Power Conference leaders discuss House Settlement (Featured)

Heads of the ACC, Big Ten, Big 12, Pac-12 and SEC convened by video Monday morning to discuss the direction college sports continue to move in the wake of Friday's formal passage of the House Settlement. 

And while SEC head Greg Sankey confirmed his Sunday afternoon round of golf with President Donald Trump and Notre Dame's Pete Bevacqua, the session mostly was very general discussion with little substance as to how, exactly, everyone moves forward since U.S. District Court Judge Claudia Wilken on Friday formally approved the $2.8 billion House Settlement that was the final legal hurdle (for now) to have institutions directly paying their current student-athletes, as well as also providing backpay for previous athletes.

Said Sankey, "I've always appreciated (Triump's) interest in college sports. It was helpful for me and for Pete as well to hear his thought and perspective and share some of ours."

Those thoughts?
"I think those are best left for the moment on the golf course."

Revenue-sharing payments for the House Settlement are scheduled to begin July 1; three weeks from Tuesday.
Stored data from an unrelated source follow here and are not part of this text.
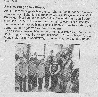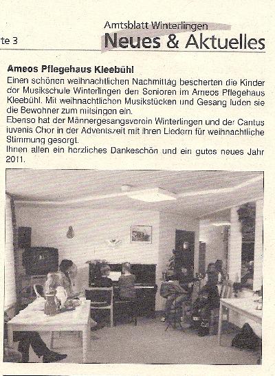 Unser Weihnachtsvorspiel im Pflegehaus Ameos Amsblatt Winterlingen vom 21.01.2011: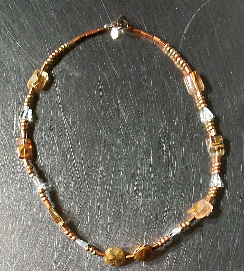 Multi colored gold glass beads with copper bead accents. Copper toggle clasp and sterling silver SUZI tag. 18"L Matching bracelet available.
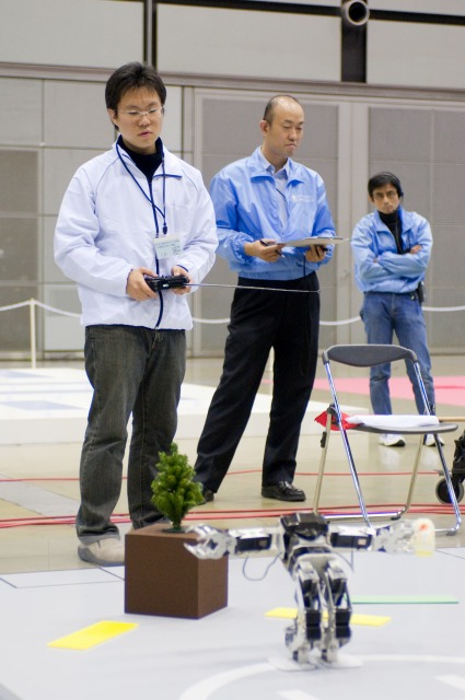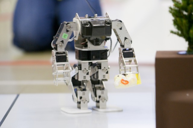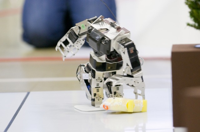 二足歩行ロボット競技の「躍進」です。ロボット科2年生の前田くんはKONDO CUPでも何度も登場していますね。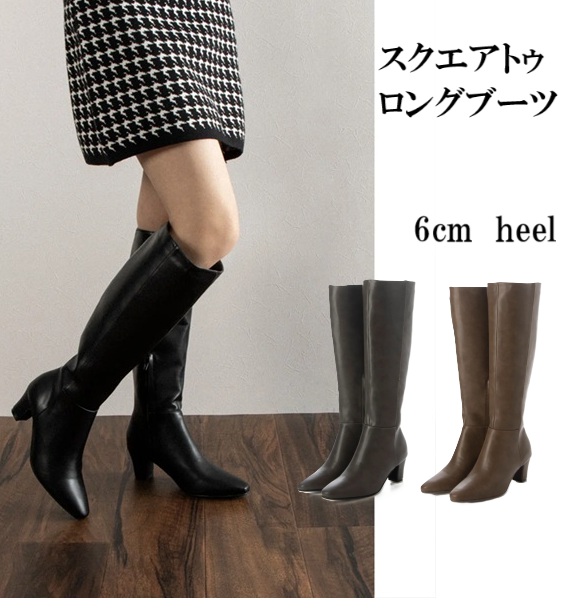 スクエアトゥロングブーツ ローヒール ニーハイ 定番 ロングブーツ ふくらはぎがやや太め ストレスフリー 歩きやすい おしゃれ ブラック グレー 大きいサイズ 小さいサイズ 安定感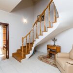 - hall z klatką schodową, na podłodze gres, schody dębowe.
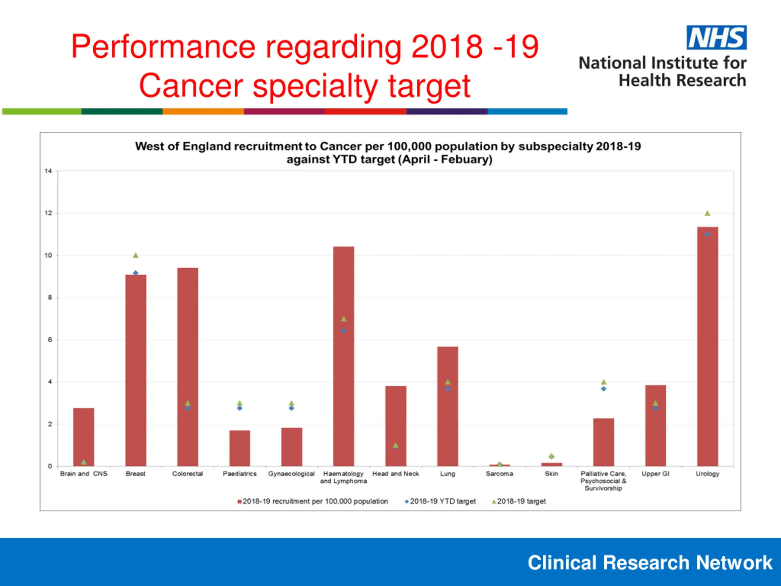 Performance regarding 2018 -19 Cancer specialty target Clinical Research Network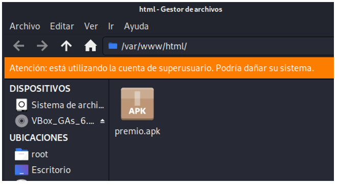 Ahora movemos nuestra aplicación “premio.apk” dentro del directorio “/var/www/html”: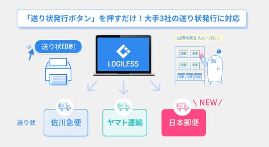 株式会社ロジレス(本社:東京都品川区、代表取締役:足立直之)が提供するEC自動出荷システム「LOGILESS」は、倉庫事業者向け有料機能オプションプラン「LOGILESS Plus[WMS]」において、日本郵便の送り状発行機能とAPI連携を開始したことをお知らせします。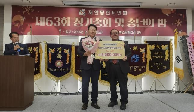 [참좋은뉴스= 기자] 당진시는 재인당진시민회가 12월 19일 인천광역시 부평구 웨스턴팰리스에서 열린 재인당진시민회 제63회 정기총회 및 송년회에서 고향사랑기부금 500만 원을 당진시에 기탁했다고 밝혔다.
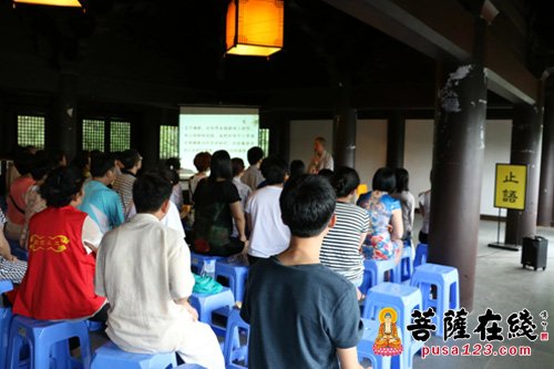 下午,延提法师讲授的武术(少儿组)、明本法师讲授的佛法人生讲座(成人组)开课。法师们生动的语言,幽默的讲述,不时的赢得营员的阵阵掌声,并与营员积极互动,答疑解问,为营员带来一次中国传统文化的洗礼,全体营员们认真聆听,欢喜愉悦。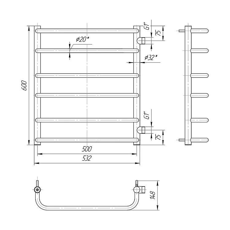 Водяна рушникосушка Стандарт Б/П 1" 600х500 з міжосьовою відстанню для підключення 500 мм, діаметр підключення G 1/2 '' складається з 5 ребер. Рушникосушка Стандарт Б/П 1" підприємства Mario виготовлена з нержавіючої сталі АІSI 304 може бути обладнана електричним теном.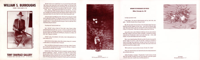 Folded card for an exhibition by William S. Burroughs at Tony Shafrazi Gallery, December 19, 1987 – January 24, 1988.

For much of the past 12-24 months, college leaders and athletics departments have been trimming costs and operating budgets, as well as also seeking new revenue streams.

Notre Dame, for example, has announced its intention to begin selling alcoholic beverages on campus at all Irish football, men's and women's basketball and hockey games. The Irish also have had budget cuts and a much-publicized hiring freeze earlier this year. 

Tennessee has already enacted a "talent fee" atop its ticket prices, a measure UT Athletics Director Danny White said was strictly to generate funding to compensate student-athletes.

Jim Phillips, ACC commissioner, addressed the potential for punishment of Name, Image and Likeness deals that do not get approved by third-party overseer Deloitte or which are not properly disclosed.

But his answer was a non-answer, for now anyway. 

"We're in the process of putting together structure," said Phillips, who did tout the just-launched College Sports Commission as being positioned to potentially enforce more widespread guardrails in collegiate athletics after the essentially unchecked NIL existence since its initial launch four years ago.

Big 12 Commissioner Brett Yormark addressed the so-called "Affiliation Agreement" that the four true Power Conferences -- ACC, Big Ten, Big 12, SEC -- have proposed in an effort to create a more uniform operating environment for member schools in those leagues, despite various state laws that could allow institutions to ignore the $20.5 million first-year revenue-sharing cap as well as the agreement that any NIL deal worth more than $600 must be approved by the aforementioned Deloitte-operated clearinghouse.